No important breakdown was invalidated based on today’s move, and overall, the recent price moves took the form of an ABC correction pattern (sometimes called a “zigzag”), which is quite common.

In other words, today’s move higher is really uneventful.

Wednesday’s and Thursday’s sessions might be particularly interesting, as we’re going to get Fed’s next interest rate decision and the follow-up comments on Wednesday (as well as the ADP nonfarm employment change) and on Thursday we’re getting an analogous decision from The ECB. Plus, the U.S. initial jobless claims.

The interesting thing about the days that are rich in statistics is the fact that the volatility can precede them, even though nothing is happening (theoretically) on those days.

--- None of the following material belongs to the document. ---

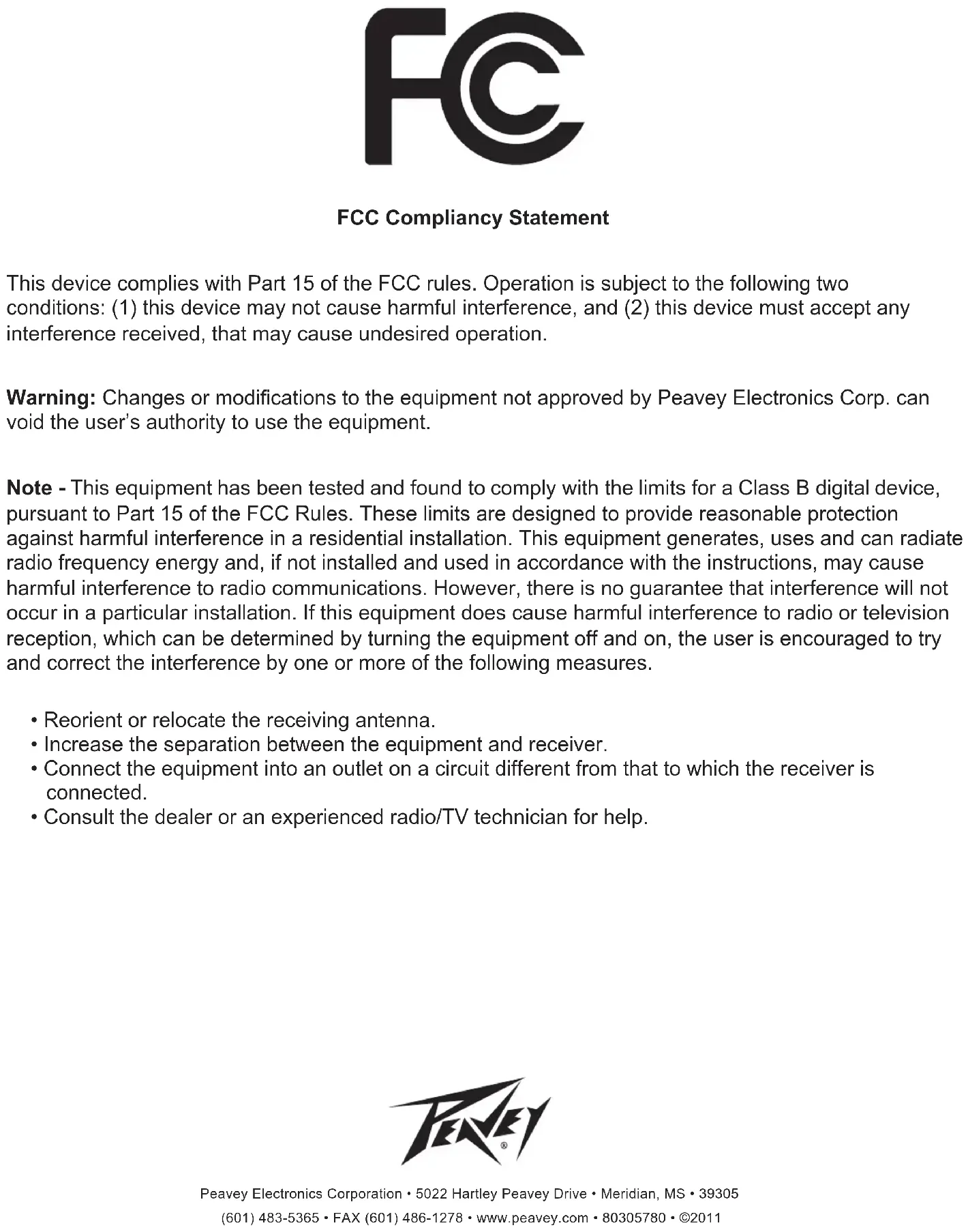 Warning: Changes or modications to the equipment not approved by Peavey Electronics Corp. can

In reality, that’s when many market participants try to guess what the fundamental news are going to be and how the market reacts to them… In a way making the market react before any news is released.

As I explained previously, it’s much better to focus on how the market is likely to interpret whatever is coming its way, and we know this thanks to technical chart analysis.

Thanks to this approach, you can be early in price moves, and you are less likely to be affected by fake rallies (like the one that we see today in gold price) or fake declines that tend to happen right before and/or right after important fundamental announcements.

There are many ways in which one can interpret data – and the prevailing way is likely to be determined based on the market’s emotional state – and that’s what you can detect using technical tools.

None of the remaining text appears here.